Having the Women’s March on Washington only days before her death seems like a bittersweet ending for this Feminist Icon.
How many women who marched on Saturday was touched by Mary Richards?

Moore was a trained dancer before she went on to acting. Moore would go on to state, “I’m a failed dancer but a successful actress”. Her big break being the Dick Van Dyke Show. Back then women were made to be flawlessly dressed on television which included wives to wear pearls and skirts even when cleaning the house. Mary Tyler Moore objected this standard and insisted on pants. Since none of her friends cleaned in heels. The studio settled on Moore being allowed to wear capris pants.

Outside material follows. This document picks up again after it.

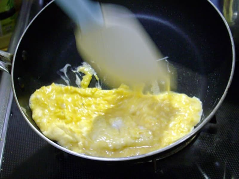 - 熱したフライパンは右側が火にあたるように傾け、そこに卵液を入れます。ここからはフライパンの右側半分だけを使います。
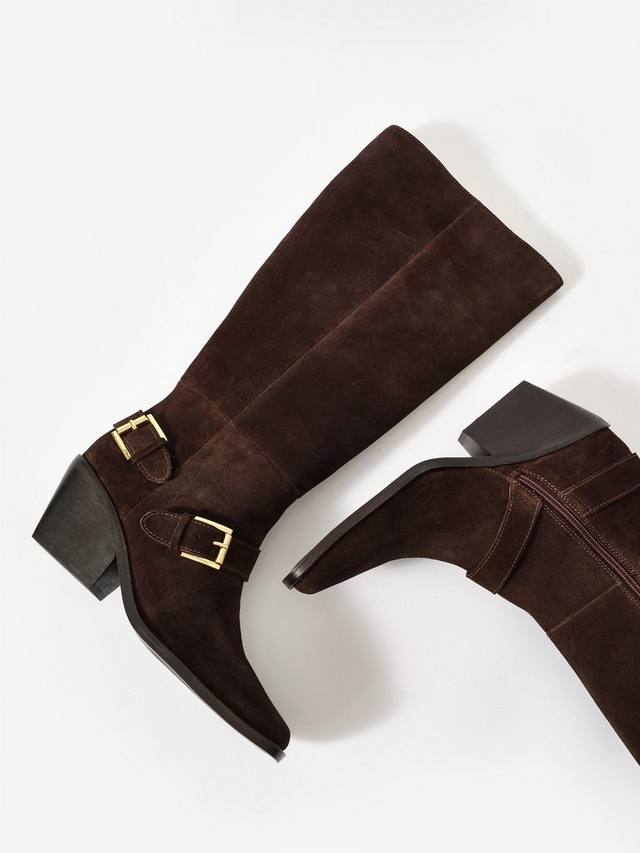 Замшевые сапоги до колена от Mint Velvet с квадратным носком. Каблук средней высоты в кубинском стиле добавляет подъема и обеспечивает комфорт, а застежка-молния позволяет легко надевать их для повседневных дел.

Moore started The Mary Tyler Moore Show, a show about a career focused woman succeeding in a male dominated field while casually dating men without the end game of marriage. Mary Richards was not focused on finding a husband, she lived on her own and did her own things. Never having to apologize for it. Moore was not the first actress to portray a career woman, that title would go to Marlo Thomas’s Ann Marie from That Girl (’66-’71). Moore has commented on this fact saying, “Anne Marie opened the door and Mary Richards walked right through it”. The show did not sit back on purely featuring Mary Richards as a single independent woman, they also focused on many controversial topics of the times, subjects such as, equal pay for women, pre-marital sex, homosexuality, marital infidelity and divorce, as well as infertility, and adoption.

The Mary Tyler Moore Show was produced by MTM, the Production Company Moore cofounded with her second husband, Grant Tinker. Making her her own Producer, much like Lucille Ball and Desi Arnaz with Desilu Studios.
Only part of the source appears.